On Saturday, Power was basically unstoppable. He led from the start, had the good fortune to look into his rear-view mirror as he threaded into the first turn and see two drivers who would have been amongst his biggest challengers involved in a chaotic melee. Scott Dixon, the New Zealander who had qualified second, was punted by 3-time Indianapolis 500 champion Helio Castroneves, necessitating a long stop and lengthy repairs, and the same incident took out Josef Newgarden, the Tennessean who won the last IndyCar Series race two weeks ago, down in Alabama. The caution flag thrown after that accident was the only one in the 82-lap contest.
It was a stroke of luck, but the way Power drove, he might not even have needed it. In leading 72 of 82 laps, his win was one of total domination. The handful of laps he wasn't at the front came during the pit stop cycles, but, on each occasion, after various hopeful strategies played out, the Queenslander emerged, once more, at the head of the field. The #1 Team Penske Chevrolet was a rocket.
Surprisingly, Power’s greatest challenge came not from his Team Penske stablemates, Castroneves, Juan Pablo Montoya or Simon Pagenaud, but from perhaps the unlikeliest of contenders, Graham Rahal, the son of former Indy 500 champion Bobby, driving for a one-car operation with a Honda engine, known to be well down on straight-line speed in comparison to the Chevrolet brigade.
Illustrating just how poor Honda was, the failed to place even one car inside the top ten after Friday qualifying, and Rahal started from seventeenth.
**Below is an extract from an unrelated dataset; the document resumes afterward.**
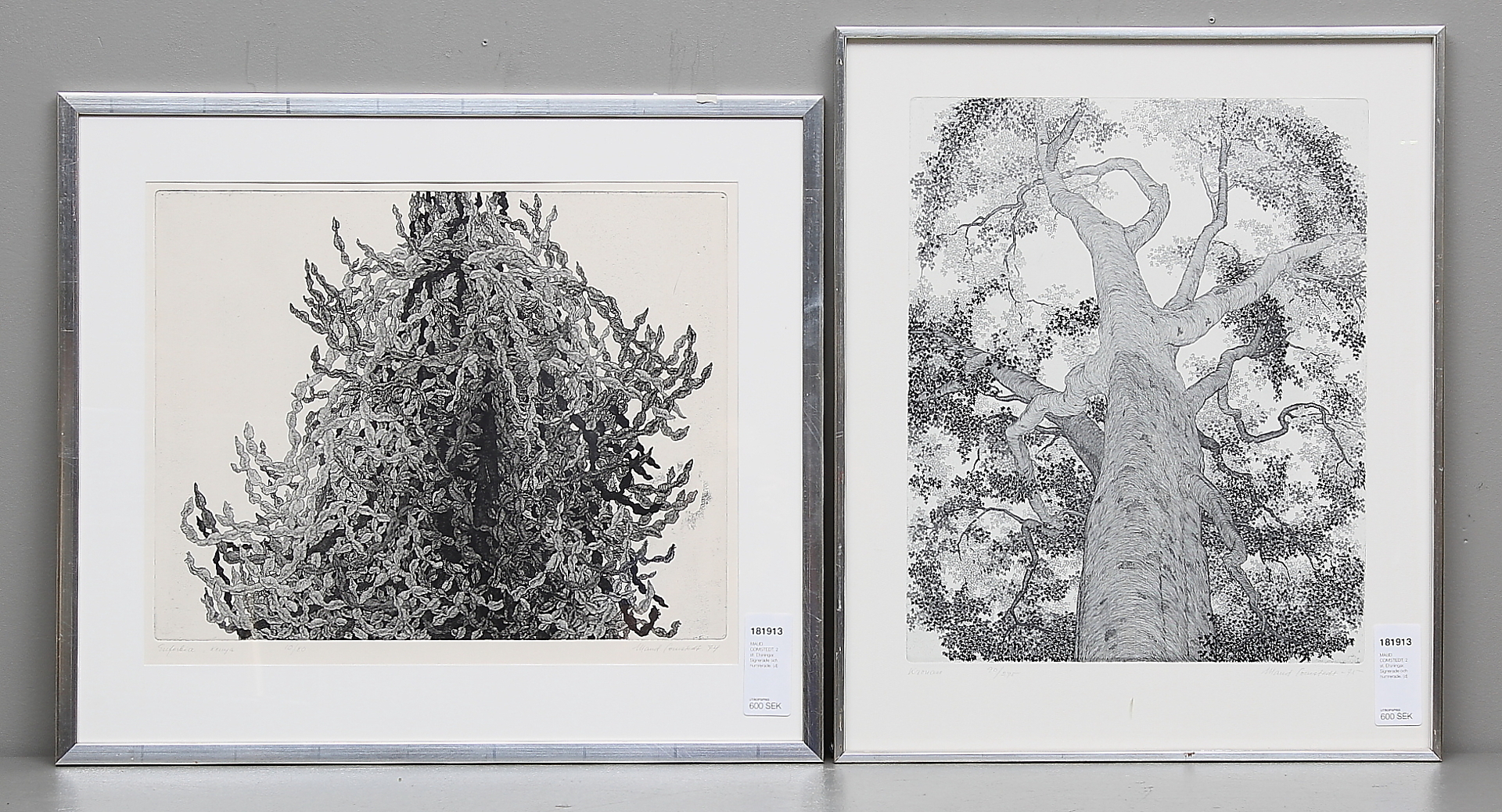 181913. MAUD COMSTEDT. 2 pcs. Etchings. Signed and numbered.

Apparently, those Honda engines perform better on race day than in qualifying, and a smart strategy, mixed with Rahal’s ability to hustle his car around the fast, physical IMS road course, saw him cut through the field to second, and seriously challenge Power in the closing stages. Rahal's was the drive of the race, and easily the biggest surprise.
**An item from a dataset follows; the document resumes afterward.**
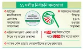 জামায়াতে ইসলামীসহ ১১ দলীয় নির্বাচনি জোটে চরমোনাইয়ের পীরের নেতৃত্বাধীন ইসলামী আন্দোলন বাংলাদেশের সঙ্গে আসন বণ্টন নিয়ে এখনো দরকষাকষি চলছে। তবে এ নিয়ে সৃষ্ট টানাপোড়েন প্রায় কেটে গেছে। প্রধান দুই দলের পক্ষ থেকেই শেষ পর্যন্ত সমঝোতার ইঙ্গিতই দেওয়া হচ্ছে। উভয় দলই ছাড়ের মানসিকতা নিয়ে সমঝোতার পক্ষে। কারণ, আসন নিয়ে টানাপোড়েন থাকলেও কোনো দলই জোট ভাঙার দায় নিতে চাইছে না।

For the second straight race, Rahal recovered from a poor starting position to finish second, and prove that two weeks’ ago at Barber Motorsports Park wasn't a fluke. The last few years have been tough for Rahal, but some major changes at Rahal Racing, including his father, Bobby, stepping down from the pit box, seem to be paying huge dividends. Rahal has consistently been the strongest Honda runner this year.
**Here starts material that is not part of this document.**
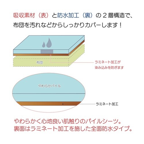 柔らかく肌ざわりのよいパイル素材。高い防水性で、ベッドや布団を汚れからしっかりガードします。ムレもなく快適です。耐久性もよく、繰返しのお洗濯や乾燥にも丈夫です。 |

In victory lane, Power, the fifth winner in as many IndyCar Series races in 2015, admitted that the race was probably the most physical he’d done, and indicated that he was fully focused on winning the Indianapolis 500 now that he has a series championship under his belt. He’s said he wants to be atop the timesheets four sessions throughout the month: qualifying for the Grand Prix of Indianapolis, the Grand Prix of Indianapolis itself, Pole Day on the oval next weekend and, of course, triumphing in the 99th Indianapolis 500. He’s fifty percent of the way there already.
Power’s Team Penske colleague Juan Pablo Montoya came home in third, holding off Frenchman Sebastien Bourdais and American Charlie Kimball, who followed Rahal through the pack, turning a fourteenth place start into a fifth place finish for the four-pronged Chip Ganassi Racing attack. Unbelievably, for a squad that features Dixon and Tony Kanaan, both Indianapolis 500 champions and regular IndyCar Series race winners, Kimball was their highest-finishing driver. Two Americans in the top ten is never a bad thing for a series struggling for mainstream popularity in America.
The highest finishing rookie was Stefano Coletti in eighth. Scott Dixon recovered to finish tenth. A.J. Foyt’s Takuma Sato was the only other Honda in the top ten, finishing in ninth, and Josef Newgarden never recovered from the opening-lap incident, scored a lap down in twentieth at the end.